Ci sono tanti modi per finire una carriera politica. Quello che la sorte ha riservato a Nichi Vendola è uno dei peggiori, proprio perché Nichi Vendola non era tra i politici peggiori. Aveva iniziato bene, con un impegno sincero contro le mafie e l’illegalità. Aveva pagato dei prezzi, ancor più cari di quelli che si pagano di solito mettendosi contro certi poteri, perché faceva politica da gay dichiarato in un paese sostanzialmente omofobo e da uomo di estrema sinistra in una regione sostanzialmente di destra. Ancora nel 2005, quando vinse per la prima volta le primarie del centrosinistra e poi le elezioni regionali in Puglia, attirava vastissimi consensi e altrettanti entusiasmi e speranze. E forse li meritava davvero.
Poi però è accaduto qualcosa: forse il potere gli ha dato alla testa, forse la coda di paglia dell’ex giovane comunista ha avuto il sopravvento, o forse quel delirio di onnipotenza che talvolta obnubila le menti degli onesti l’ha portato a pensare che ogni compromesso al ribasso gli fosse lecito, perché lui era Nichi Vendola. S’è messo al fianco, come assessore alla Sanità (il più importante di ogni giunta regionale) un personaggio in palese e quasi dichiarato conflitto d’interessi, come Alberto Tedesco.
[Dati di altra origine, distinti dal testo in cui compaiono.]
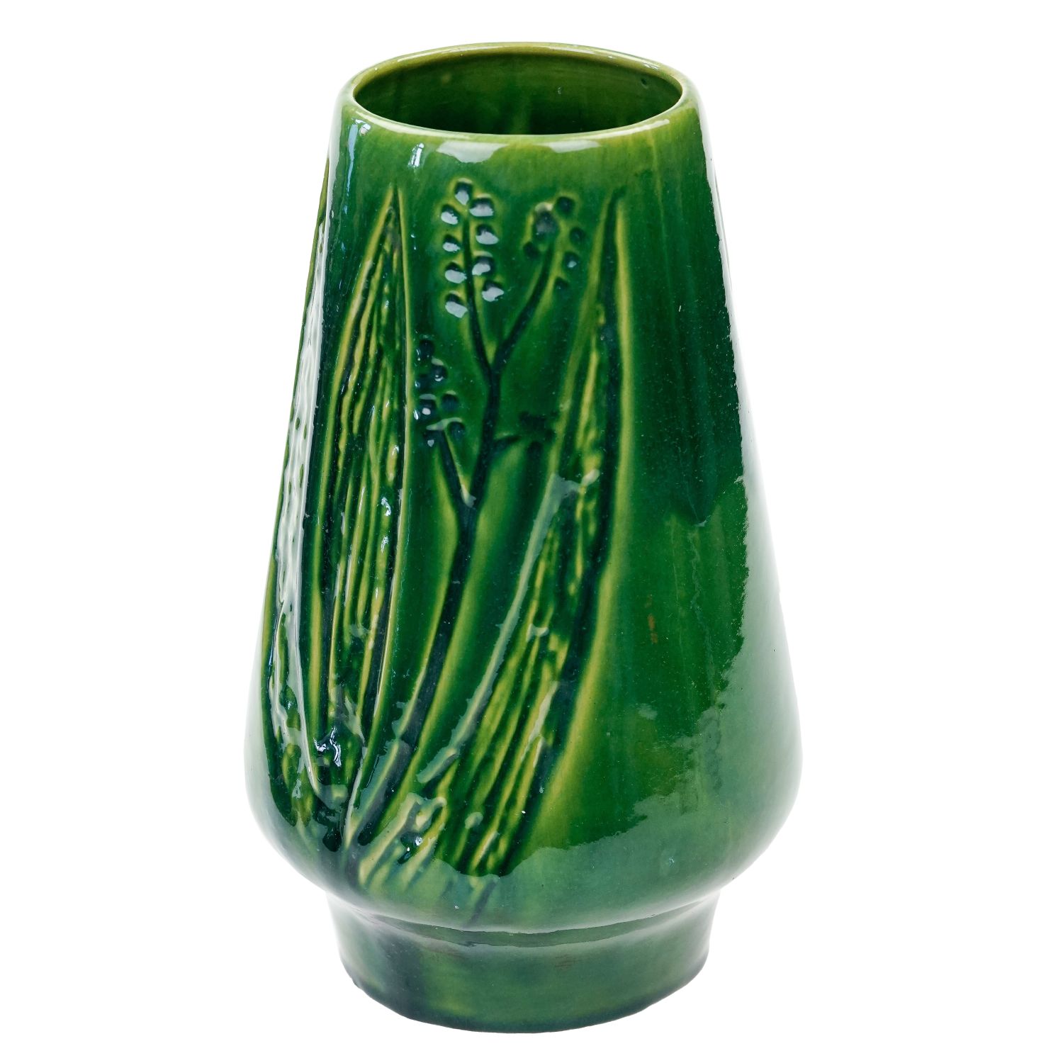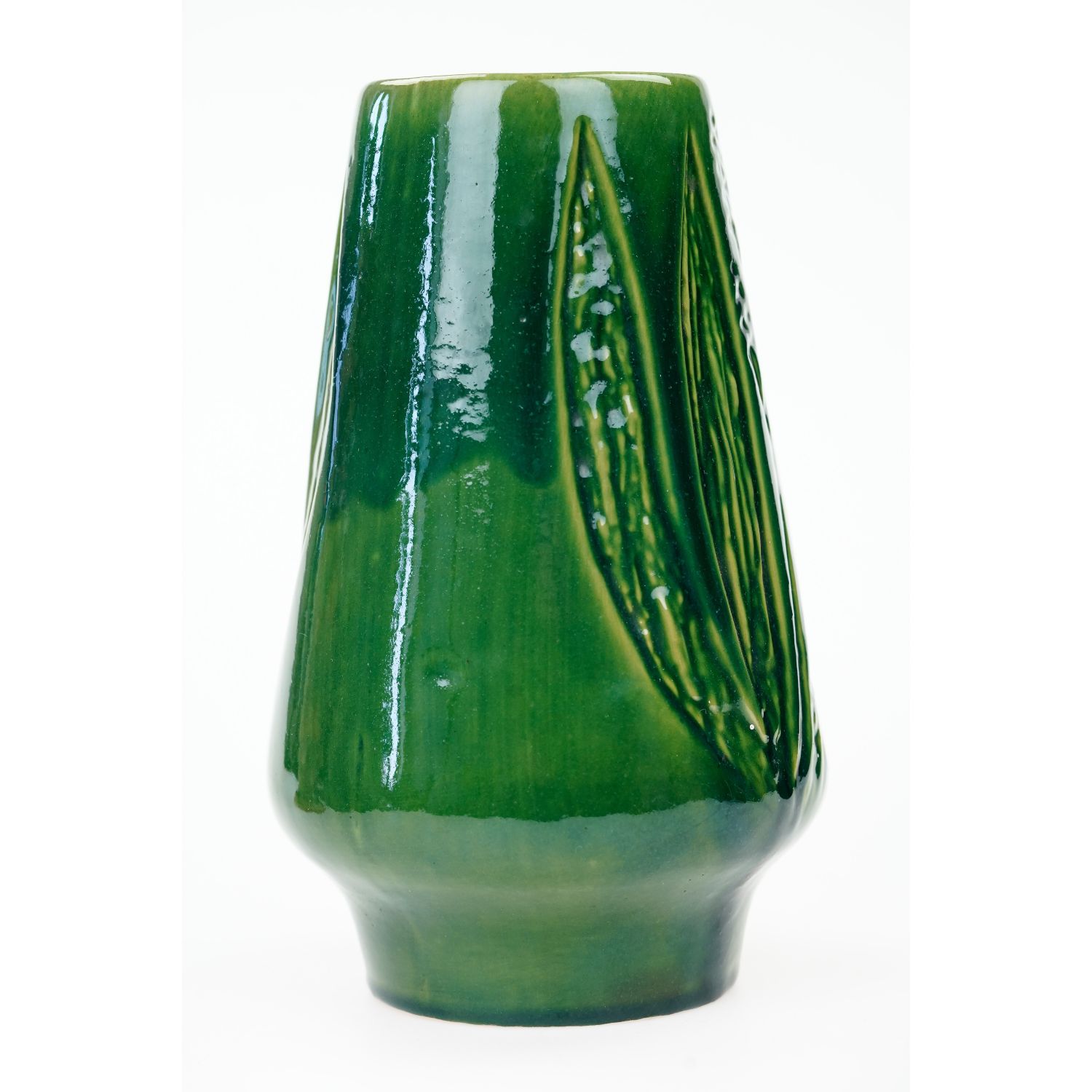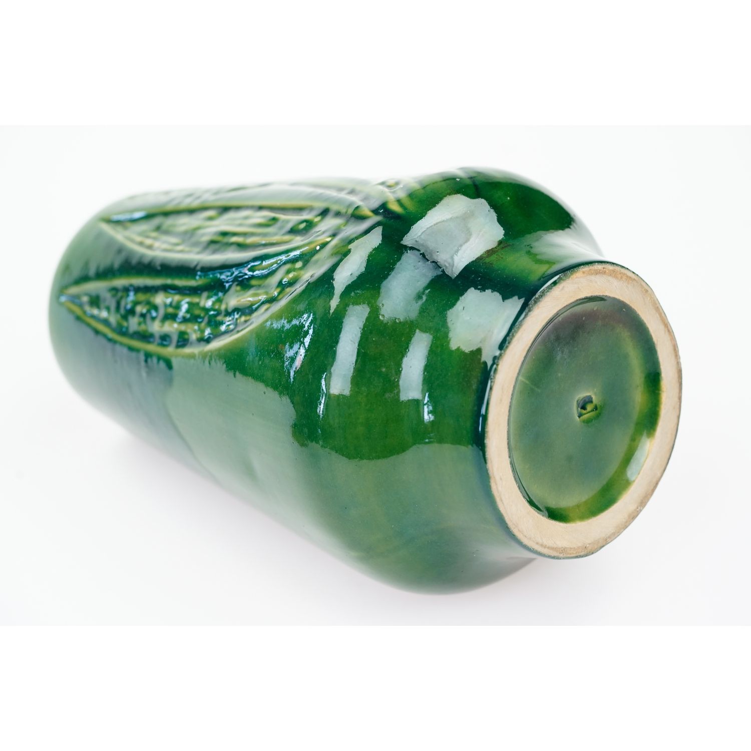 CERAMIKA BIAŁYSTOK ZIELONY WAZON Z LIŚCIASTYMI RELIEFAMI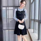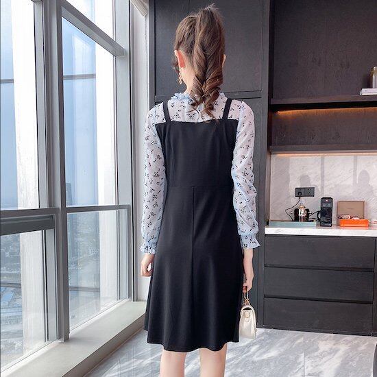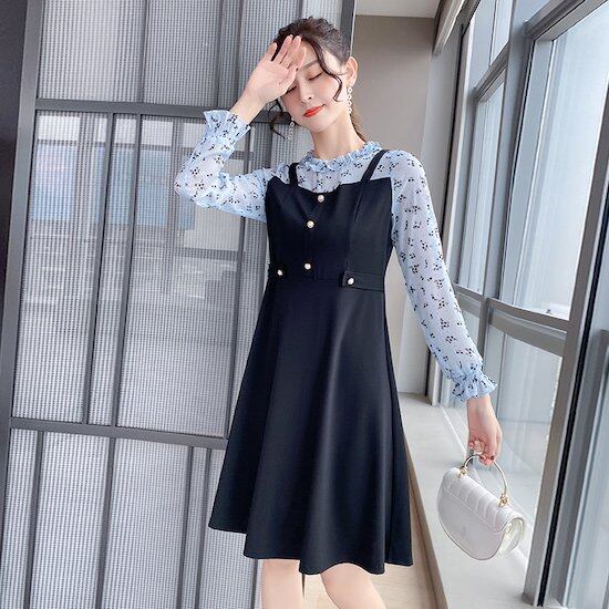 ワンピース レディース 長袖 花柄 ミドル丈 レイヤード風 こなれ感 上品 おしゃれ 大きいサイズ チュニック オールインワン スカート ワンピース レディース 長袖 花柄 ミドル丈 レイヤード風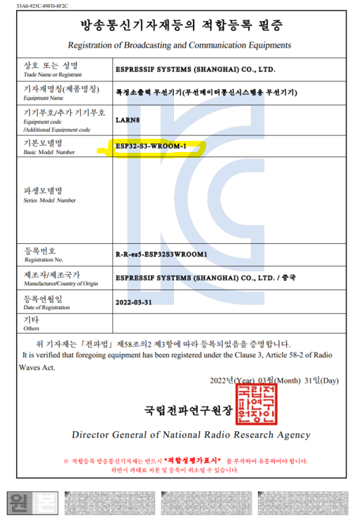 ESP32-S3-WROOM-1의 KC인증이 완료 되었습니다.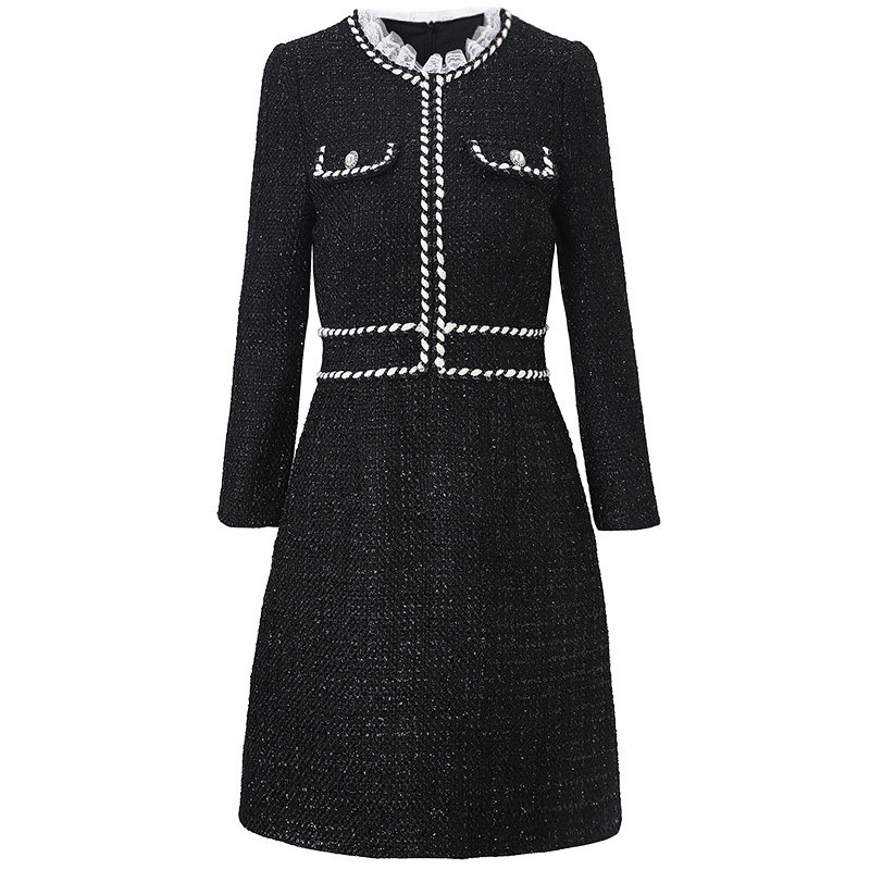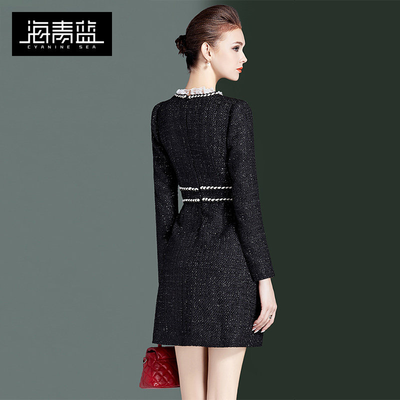 Haiqing Blue name Yuanyuan Elegant Dress Woman 2021 Fall New Temperament Woman Dress Coarse Flowers Black Short Dress 52421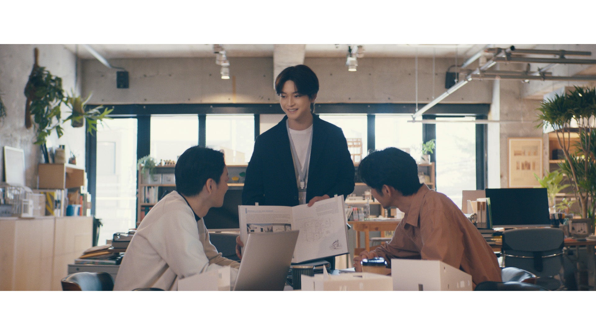 これまでは大学のキャンパスや体育館など学生の日常を切り取ったCMでしたが、今回はインターン先の建築事務所が舞台。普段と違った雰囲気の中で、本エピソードのテーマである「成長」を伝えられるよう、高橋さんが監督と意見を出し合う姿が印象的でした。ぜひメイキングもご覧ください。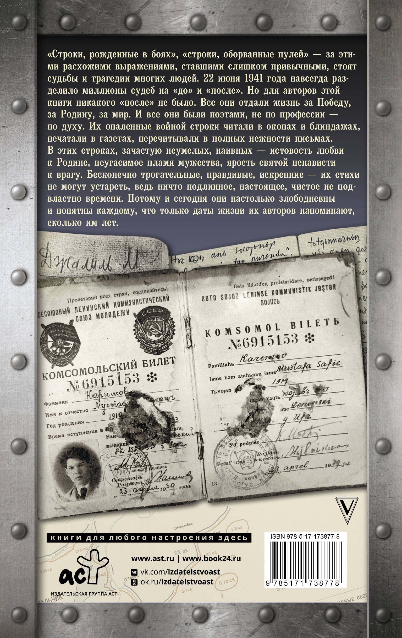 «Строки, рожденные в боях», «строки, оборванные пулей» - за этими расхожими выражениями, ставшими слишком привычными, стоят судьбы и трагедии многих людей. 22 июня 1941 года навсегда разделило миллионы судеб на «до» и «после». Но для авторов этой книги никакого «после» не было. Все они отдали жизнь за Победу, за Родину, за мир. И все они были поэтами, не по профессии - по духу. Их опаленные войной строки читали в окопах и блиндажах, печатали в газетах, перечитывали в полных нежности письмах. В этих строках, зачастую неумелых, наивных - истовость любви к Родине, неугасимое пламя мужества, ярость святой ненависти к врагу. Бесконечно трогательные, правдивые, искренние - их стихи не могут устареть, ведь ничто подлинное, настоящее, чистое не подвластно времени. Потому и сегодня они настолько злободневны и понятны каждому, что только даты жизни их авторов напоминают, сколько им лет.| Издательство | Издательство "АСТ" |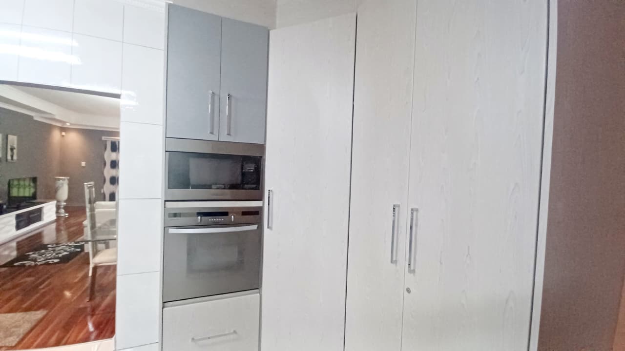 - A modern kitchen with lots of built-in cupboards and counter space, perfect for cooking and meal prep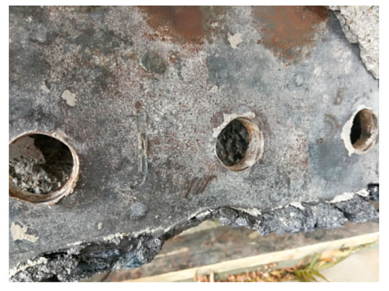 In the two failure modes, as shown in Figure 8, the anchored blind bolts embedded in the concrete basically remained intact, despite the different failure patterns exhibited by the blind bolts. However, scratches were clearly observed at the anchor nut, undoubtedly caused by the mechanical anchorage against the concrete. In addition, throughout the loading process, no welding fracture occurred in the fillet weld and plug weld between the steel tube and the C-shaped channel. According to the observations on the deformation conditions around the bolt holes, as shown in Figure 9, the square steel tube and the C-shaped channel fit closely together, indicating that the steel tube wall and the C-shaped channel can work well together. The observed results demonstrate that the two proposed methods can both be effective and provide stability to the performance of connections under cyclic loading.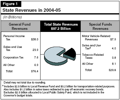 The 2004-05 Governor's Budget projects that California's state government will receive over $97 billion in revenues during 2004-05, a $4.3 billion (1.3 percent) increase from the current year. These revenues are deposited into either the General Fund or a variety of special funds. Figure 1 shows that:

S’è lasciato imporre come vicepresidente un dalemiano come Alberto Frisullo, poi finito nella Bicamerale del sesso di Gianpi Tarantini, a mezzadria con Berlusconi. Ha appaltato al gruppo Marcegaglia l’intero ciclo dei rifiuti, gratificato da imbarazzanti elogi del Sole 24 Ore quando la signora Emma ne era l’editore. Ha attaccato, con una lettera di chiaro stampo berlusconiano, il pm Desirée Di Geronimo che indagava su di lui. Ha incassato un’archiviazione da un gip risultata poi in rapporti amichevoli con lui e la sua famiglia. Ha stretto un patto col diavolo del San Raffaele, il famigerato e non compianto don Luigi Verzé, consegnandogli le chiavi di un nuovo ospedale a Taranto da centinaia di milioni. E si è genuflesso dinanzi al potere sconfinato della famiglia Riva, chiudendo un occhio o forse tutti e due sulle stragi dell’Ilva.

Il fatto che, come ripete con troppa enfasi, non abbia mai preso un soldo dai Riva (diversamente da Berlusconi e Bersani), non è un’attenuante, anzi un’aggravante. Non c’è una sola ragione plausibile che giustifichi il rapporto di complicità “pappa e ciccia” che emerge dalla telefonata pubblicata sul sito del Fatto fra lui e lo spicciafaccende-tuttofare dei Riva: quell’Archinà che tutti sapevano essere un grande corruttore di politici, giornalisti, funzionari, persino prelati. Un signore che non si faceva scrupoli di mettere le mani addosso ai pochi giornalisti non asserviti.
In quella telefonata gratuitamente volgare, fatta dal governatore per complimentarsi ridacchiando con il faccendiere della bravata contro il cronista importuno, non c’è nulla di istituzionale: nemmeno nel senso più deteriore del termine, nel più vieto luogo comune del politico scafato che deve tener conto dei poteri forti e delle esigenze occupazionali. C’è solo un rapporto ancillare e servile fra l’ex rivoluzionario che si è finalmente seduto a tavola e il potente che a tavola ha sempre seduto e spadroneggia nel vuoto della politica e dei controlli indipendenti, addomesticati a suon di mazzette. Il darsi di gomito fra gli eterni marchesi del Grillo, “io so’ io e voi nun siete un cazzo”. Questo ovviamente in privato, mentre in pubblico proseguivano le “narrazioni” e le “fabbriche di Nichi”. La poesia sulla scena, la prosa dietro le quinte.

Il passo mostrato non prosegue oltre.